PROBLEM
First find the line with "2階の洋間は、立ち上がりの高", then reproduce it and all following lines of the data to the end, exactly and with no pictures, adding nothing.

SUPPLIED MATERIAL
--- START ---

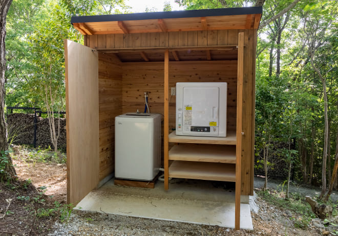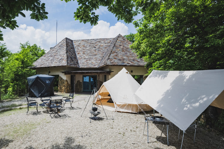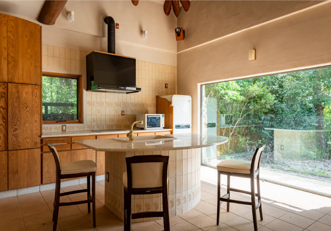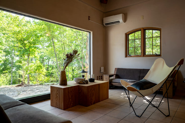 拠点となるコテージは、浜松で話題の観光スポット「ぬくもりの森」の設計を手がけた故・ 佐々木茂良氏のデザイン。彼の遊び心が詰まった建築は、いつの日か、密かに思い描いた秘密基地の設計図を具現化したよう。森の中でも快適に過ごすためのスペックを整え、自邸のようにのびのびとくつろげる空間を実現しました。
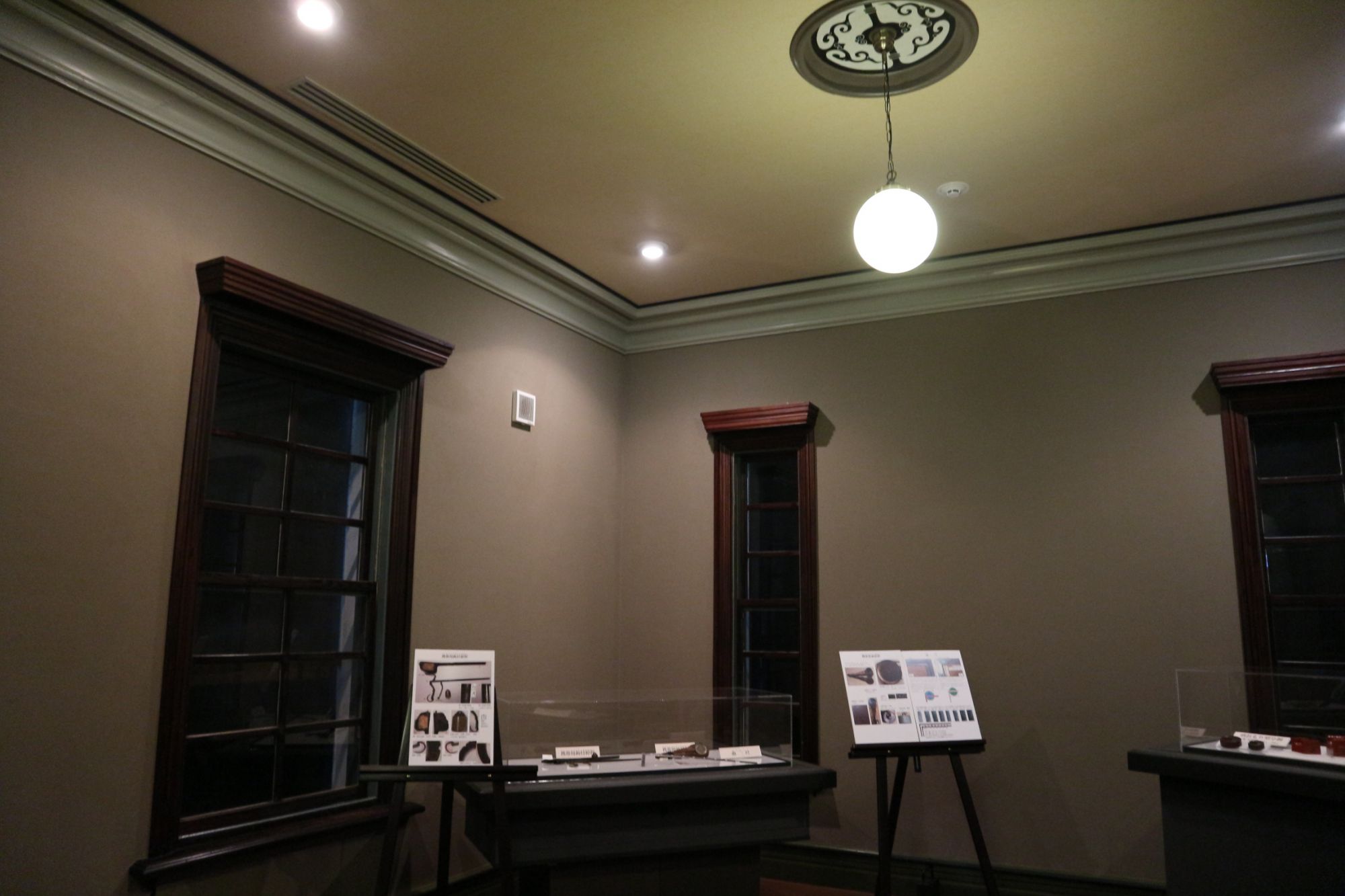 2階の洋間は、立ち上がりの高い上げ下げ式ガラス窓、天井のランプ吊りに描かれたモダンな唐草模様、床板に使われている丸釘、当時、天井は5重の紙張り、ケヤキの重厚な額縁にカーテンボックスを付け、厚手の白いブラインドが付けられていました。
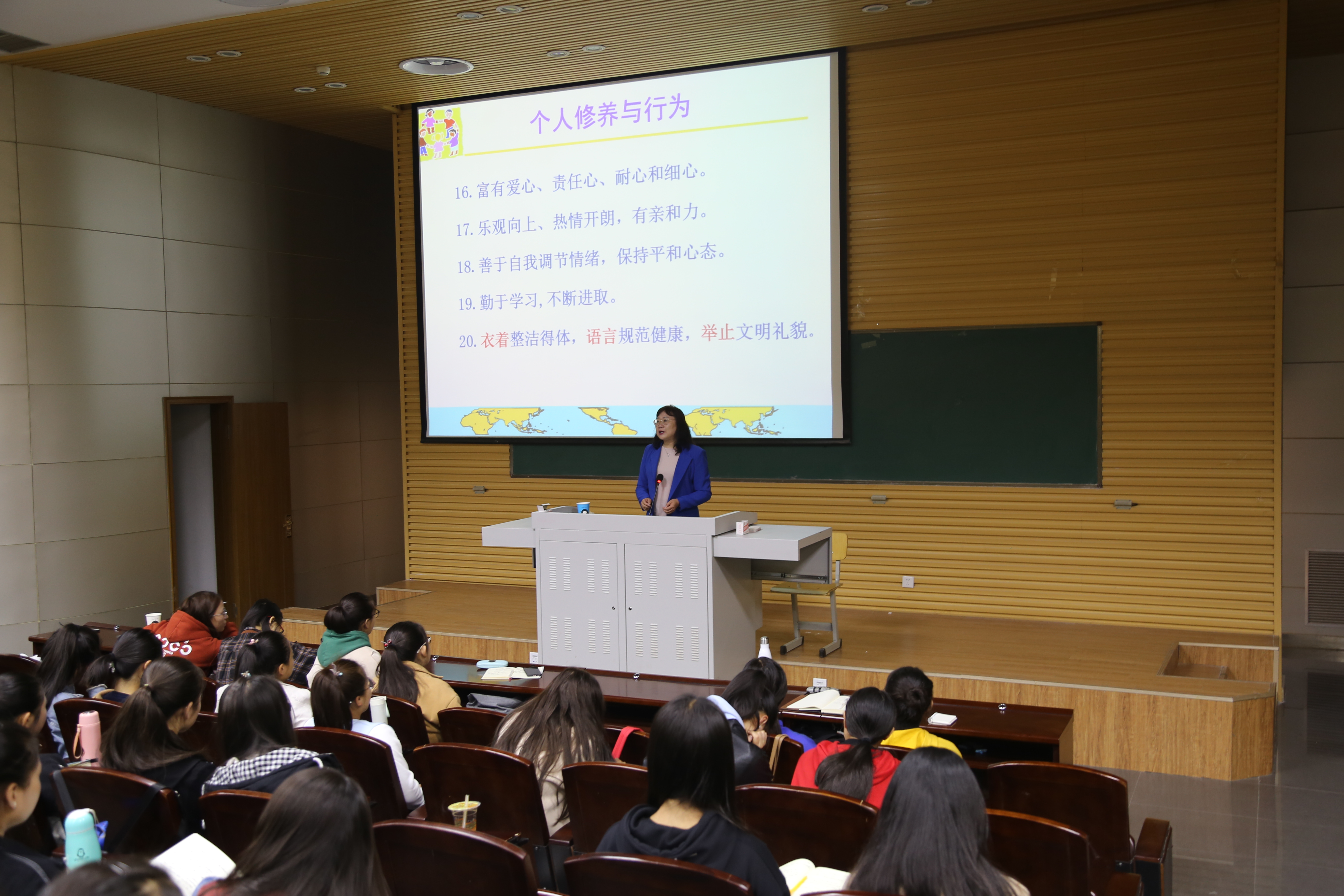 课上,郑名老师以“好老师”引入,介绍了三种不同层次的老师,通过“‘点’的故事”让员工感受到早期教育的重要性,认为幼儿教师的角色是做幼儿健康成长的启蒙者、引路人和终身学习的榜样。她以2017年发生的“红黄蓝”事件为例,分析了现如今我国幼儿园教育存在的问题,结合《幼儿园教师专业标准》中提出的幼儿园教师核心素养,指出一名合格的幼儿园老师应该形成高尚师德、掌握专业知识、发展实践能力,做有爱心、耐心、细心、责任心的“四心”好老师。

--- END ---

RESULT OF THIS EXERCISE
 2階の洋間は、立ち上がりの高い上げ下げ式ガラス窓、天井のランプ吊りに描かれたモダンな唐草模様、床板に使われている丸釘、当時、天井は5重の紙張り、ケヤキの重厚な額縁にカーテンボックスを付け、厚手の白いブラインドが付けられていました。
 课上,郑名老师以“好老师”引入,介绍了三种不同层次的老师,通过“‘点’的故事”让员工感受到早期教育的重要性,认为幼儿教师的角色是做幼儿健康成长的启蒙者、引路人和终身学习的榜样。她以2017年发生的“红黄蓝”事件为例,分析了现如今我国幼儿园教育存在的问题,结合《幼儿园教师专业标准》中提出的幼儿园教师核心素养,指出一名合格的幼儿园老师应该形成高尚师德、掌握专业知识、发展实践能力,做有爱心、耐心、细心、责任心的“四心”好老师。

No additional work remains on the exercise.